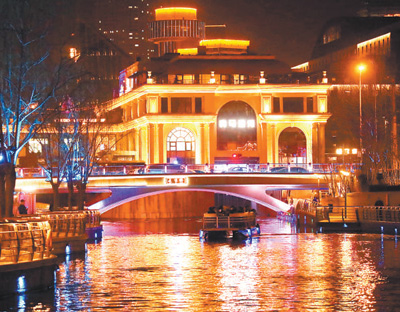 在亮马河国际风情水岸,从燕莎码头出发,途经友谊桥、铂宫船闸、琉璃桥等创意景点,缤纷绚烂的灯光秀增添了诗情画意,让人们体验“科技+文化”的魅力。“途经好运桥下的‘星空’,灯光营造的夜空星辰氛围感十足。”来自天津的游客马丽说。
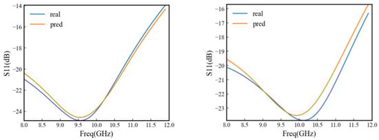 The experiments show that in the X-band, at the resonance point near the center frequency of 10 GHz, inputting the value 52 into the neural network model, the simulation and prediction results of return loss in figure (left) are both close to −25 dB, and the average error between them is within 0.2 dB, inputting the value 674 into the neural network model, the simulation and prediction results of return loss in figure (right) are both close to −24 dB, and the average error between them is within 0.3 dB. The prediction results of the return loss neural network are shown in Figure 9.
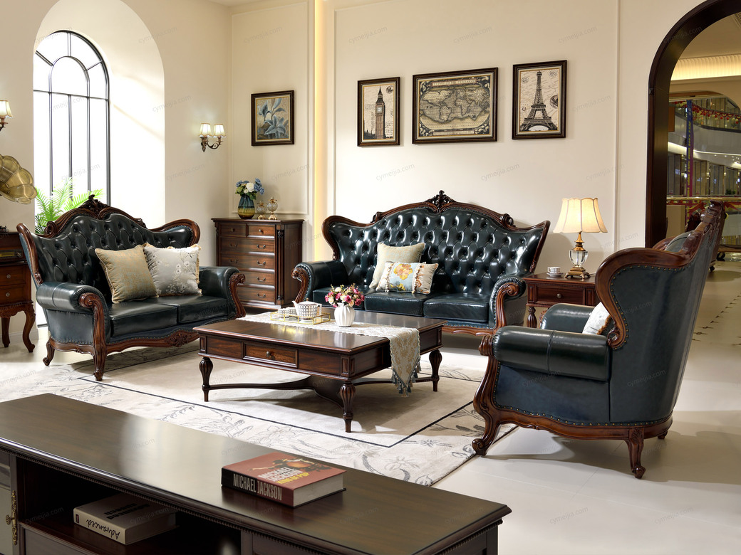 | 产品材质 : 接触面头层牛皮+黑胡桃木+高密度海绵+俄罗斯落叶松实木框架 | 包件数 : 3 | 包装体积(m3) : 9.6 | |

--------

- [Your task] All of the material above needs to be restated exactly, with no pictures.

- [Response to this exercise]
 在亮马河国际风情水岸,从燕莎码头出发,途经友谊桥、铂宫船闸、琉璃桥等创意景点,缤纷绚烂的灯光秀增添了诗情画意,让人们体验“科技+文化”的魅力。“途经好运桥下的‘星空’,灯光营造的夜空星辰氛围感十足。”来自天津的游客马丽说。
 The experiments show that in the X-band, at the resonance point near the center frequency of 10 GHz, inputting the value 52 into the neural network model, the simulation and prediction results of return loss in figure (left) are both close to −25 dB, and the average error between them is within 0.2 dB, inputting the value 674 into the neural network model, the simulation and prediction results of return loss in figure (right) are both close to −24 dB, and the average error between them is within 0.3 dB. The prediction results of the return loss neural network are shown in Figure 9.
 | 产品材质 : 接触面头层牛皮+黑胡桃木+高密度海绵+俄罗斯落叶松实木框架 | 包件数 : 3 | 包装体积(m3) : 9.6 | |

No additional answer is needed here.